Chinese court rejects Canadian’s appeal of death sentence

August 10, 2021

Chinese court rejects Canadian's appeal of death sentence

On Tuesday, a Chinese court rejected a Canadian drug dealer’s death sentence appeal. This was expected as China is one of the strictest countries in the world when it comes to executions. However, there were extraneous factors included in the decision by the Chinese.

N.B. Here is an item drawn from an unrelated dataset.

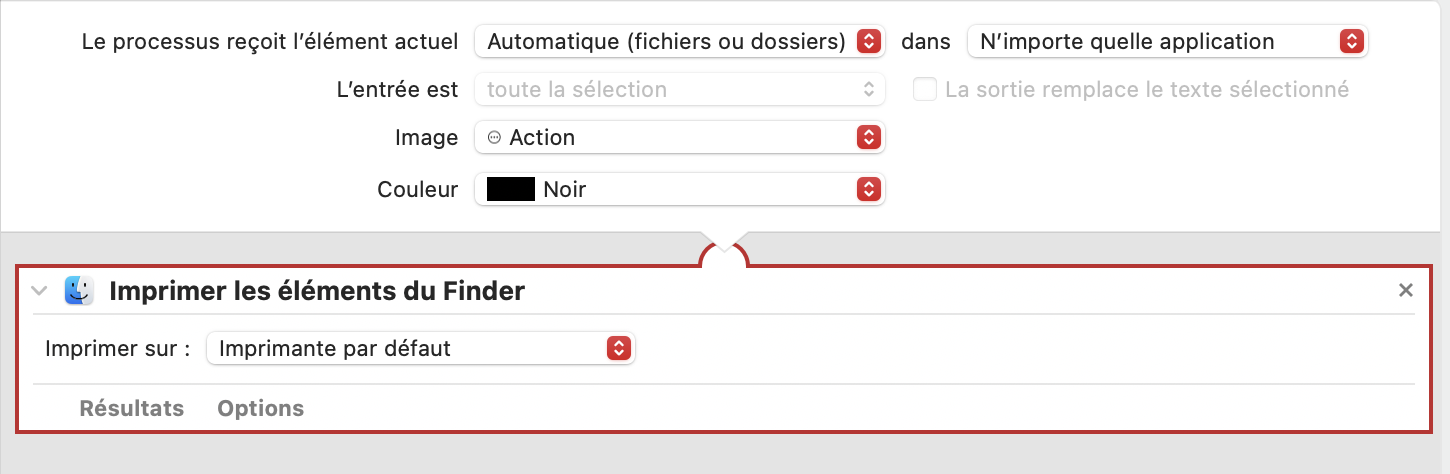 Glisse l'action dans la fenêtre de droite et sélectionne ton imprimante.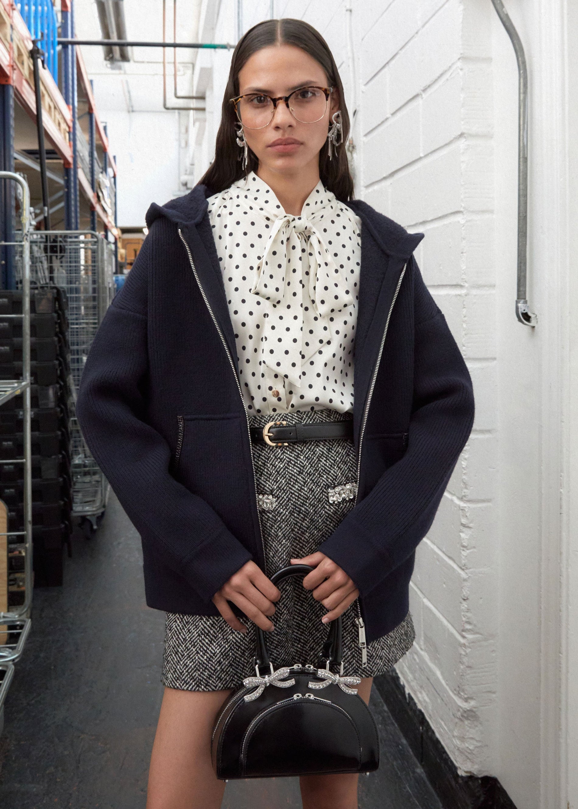 Navy Knit Diamante Trim Hoodie

Canada detained a Chinese executive of Huawei, a massive technology conglomerate. Canada is showing no signs that he will be released, so this sentence is a message from China. If Canada would have released the executive, the drug dealer’s appeal may have been answered.

Details of the Rejection

The Canadian drug dealer detained in China, Robert Schellenberg, was initially sentenced to 15 years in prison. He was convicted of smuggling 222 kg or 448 pounds of methamphetamine into the country.

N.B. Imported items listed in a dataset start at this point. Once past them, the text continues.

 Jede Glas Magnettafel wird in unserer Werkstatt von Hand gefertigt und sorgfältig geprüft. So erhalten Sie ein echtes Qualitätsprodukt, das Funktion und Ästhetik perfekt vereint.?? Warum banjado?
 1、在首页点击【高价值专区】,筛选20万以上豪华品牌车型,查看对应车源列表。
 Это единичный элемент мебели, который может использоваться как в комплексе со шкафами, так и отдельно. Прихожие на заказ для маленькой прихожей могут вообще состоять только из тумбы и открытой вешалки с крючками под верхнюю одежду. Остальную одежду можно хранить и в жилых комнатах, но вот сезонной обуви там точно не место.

Things took a turn for the worst for Schellenberg after the December 1, 2018, arrest of Meng Wanzhou. The United States and Canada teamed up to detain Wanzhou because it was believed that he was dealing with Iran.

Additionally, two other Canadians have been arrested in China since Wanzhou was detained. A former Canadian diplomat and entrepreneur were arrested for spying charges. The Chinese said they would be released if Canada followed suit with Wanzhou. Although the Canadians have not budged, this could change with Schellenberg sentenced to death.

The Higher People’s Court of Liaoning Province rejected the plea not to be executed by Schellenberg. There seemed to be no judicial integrity in this case as the court did not reasonably explain how a 15-year sentence could be increased to the death penalty.

Yet, there is still a chance for Schellenberg not to receive the death penalty. Since the Chinese court rejected the case, it will now head to the nation’s highest court. Before an execution occurs, this is required by law, but the ruling is expected to stand unless Wanzhou is released.

Canadian Condemnation

The Canadians were quick to condemn China for its unjust ruling with Schellenberg. Dominic Barton, Canadian ambassador to Beijing, spoke after the verdict was announced.

He said, “We condemn the verdict in the strongest possible terms and call on China to grant Robert clemency. The penalty is cruel and inhumane. His retrial and subsequent sentence were arbitrary.”

Barton attended the trial to support Schellenberg in the city of Shenyang. The other case that the Canadians have criticized is the arrest of Michael Kovrig and Michael Spavor. These two were arrested in December 2018 as a way to pressure the country into releasing Wanzhou.

The cases in China with these two, Schellenberg, and Wanzhou are all mixing. These rulings will affect each other, so both nations are paying close attention to the courts. A Canadian court will hear the final arguments in the next few weeks for Wanzhou’s case.

Wanzhou has been under house arrest in Vancouver since being detained. Things could be worse for Wanzhou, but the Chinese want him released and sent home. Nevertheless, this is unlikely to happen as many countries are turning against China. More information will unravel in the coming weeks, which will determine the final outcomes of these trials.